Hasty Tasty Potato Salad

Ingredients:

  • 6 large potatoes
  • 4 eggs
  • 1 onion, chopped (sweet onion is best)
  • 4 ribs celery, chopped
  • ½ cup mayonnaise
  • 1 Tbsp. Dijon mustard
  • 1 Tbsp. salt
  • 1 Tbsp. sugar
  • 1 Tbsp. apple cider vinegar
  • Pepper to taste
  • Paprika for garnish (optional)

Instructions:

  1. Cut potatoes into quarters or 2″ sections.

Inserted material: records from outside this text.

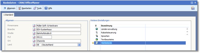 Die Basisdaten - CRM/OfficePlaner werden geöffnet.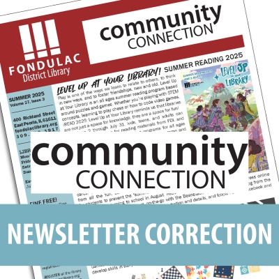 We made an "oops": the Summer 2025 edition of our quarterly Community Connection newsletter implies that we are open on Sundays, May to September. We are actually closed on Sundays, June to August. We are open 1 p.m to 5 p.m. on Sundays, September through May. The corrected version can now be found on our website.
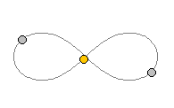 Montgomery and Chenciner have recently confirmed suspicions of another type of solution, where the bodies trace out a figure-of-eight. This new solution of the three-body problem is shown below (if your browser is Java-enabled it will be animated):

No need to peel. Place in a steaming basket or trivet over 1 cup water in a pressure cooker. Place the 4 eggs on top the potatoes.
  2. Secure lid to pressure cooker and cook for 5 minutes stovetop or 6 minutes electric.* Allow pressure to drop on its own for 5 minutes before releasing.
  3. Meanwhile, prepare dressing in a large bowl by whisking together mayonnaise, mustard, salt, sugar, and apple cider vinegar.
  4. Dice the celery and onions.
  5. Carefully release remaining pressure and open pressure cooker.
  6. Remove eggs from pot and place in cold water.
  7. Carefully remove cooked potatoes from the pot and remove peels (they’ll slip off easily). Cube potatoes and add them to the dressing. Gently toss.
  8. Peel and chop or slice eggs. Gently toss with the potatoes, onions, and celery.
  9. Sprinkle with pepper and paprika, cover, and refrigerate. (Flavors are best if potato salad is made a day ahead)

*Electric pressure cookers do not reach the pressure levels of stovetop pressure cookers, so you need to adjust the time for many recipes.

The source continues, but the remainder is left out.